• Information shown:
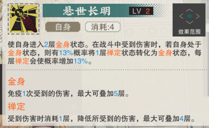 除此之外,通过使用职业技能还能获得【禅定】状态,获得最高40%的减伤。在消耗禅定时还可以回复生命值,适合大多数场合使用。
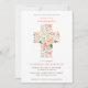 Blush and peach watercolor florals of hydrangeas, eucalyptus and peonies in a cutout of a cross. All text is customisable, as well as the backer rsvp. Customise the title for any religious event.
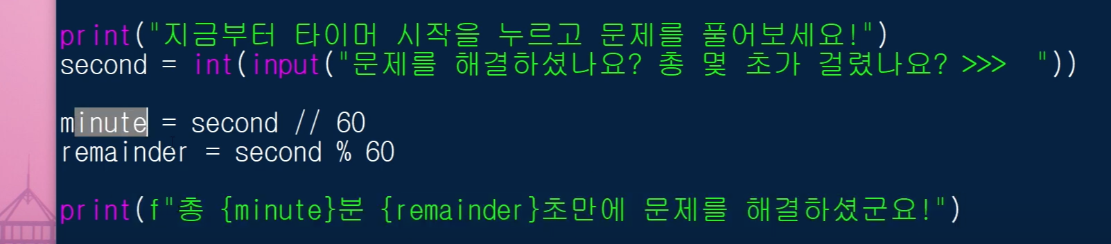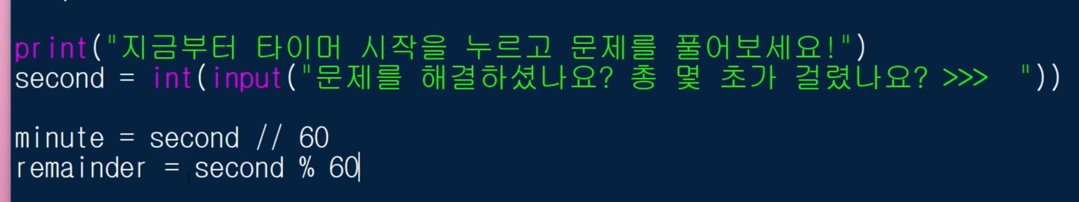 minute, remainder라는 변수에 각각 값을 담아줄게요.

• Your assignment: The reply has to reproduce every line above verbatim and contain no pictures.

• Written answer:
 除此之外,通过使用职业技能还能获得【禅定】状态,获得最高40%的减伤。在消耗禅定时还可以回复生命值,适合大多数场合使用。
 Blush and peach watercolor florals of hydrangeas, eucalyptus and peonies in a cutout of a cross. All text is customisable, as well as the backer rsvp. Customise the title for any religious event.
 minute, remainder라는 변수에 각각 값을 담아줄게요.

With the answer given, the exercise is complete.